Before the image data is ever loaded when a JPEG image is selected for viewing the markers must be read. In a JPEG image, the very first marker is the SOI, or Start Of Image, marker. This is the first "hey, I'm a JPEG" declaration by the file. The JPEG standard, as written by the Joint Picture Expert's Group, specified the JPEG interchange format. This format had several shortcomings for which the JFIF (JPEG File Interchange Format) was an attempted remedy. The JFIF is the format used by almost all JPEG file readers/writers. It tells the image readers, "Hey, I'm a JPEG that almost anyone can understand."

Most markers will have additional information following them.
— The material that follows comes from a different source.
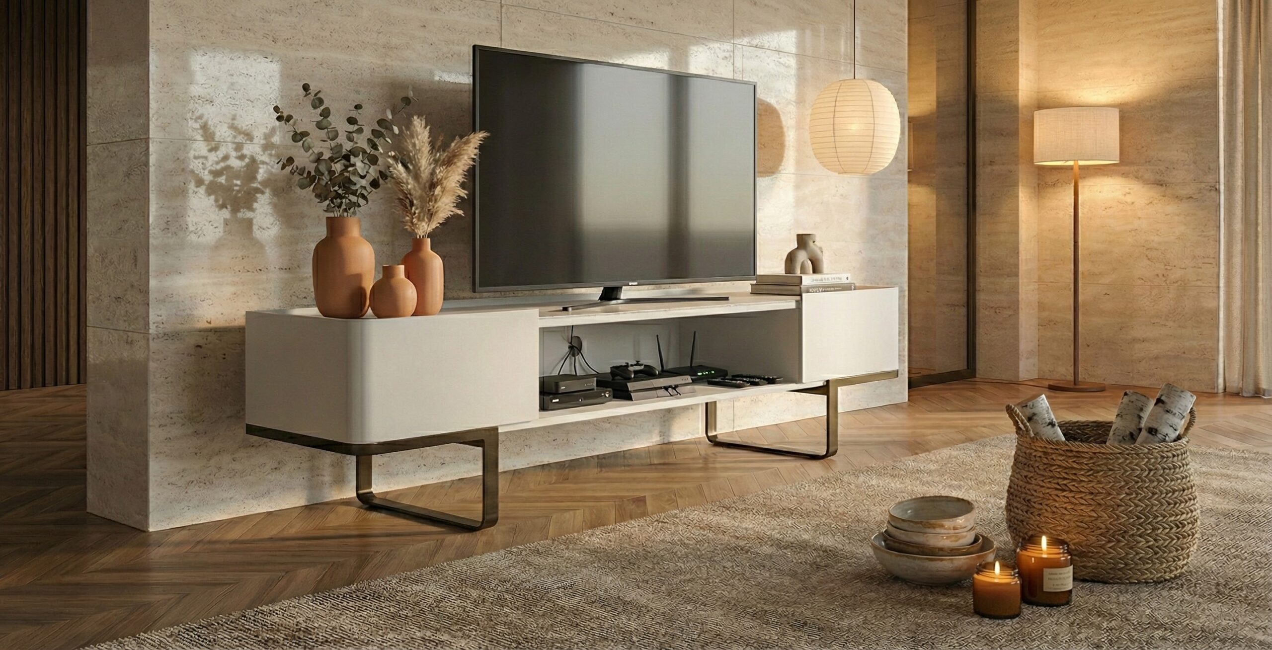 Il vano centrale aperto accoglie con discrezione apparecchi multimediali, mentre due cassetti laterali offrono spazio per organizzare accessori e oggetti d’uso quotidiano.

When this is the case, the marker and its associated information is referred to as a "header." In a header the marker is immediately followed by two bytes that indicate the length of the information, in bytes, that the header contains. The two bytes that indicate the length are always included in that count.

A marker is prefixed by FF (hexadecimal). The marker/header information that follows does not specify all known markers, just the essential ones for baseline JPEG.

A component is a specific color channel in an image. For instance, an RGB image contains three components; Red, Green, and Blue.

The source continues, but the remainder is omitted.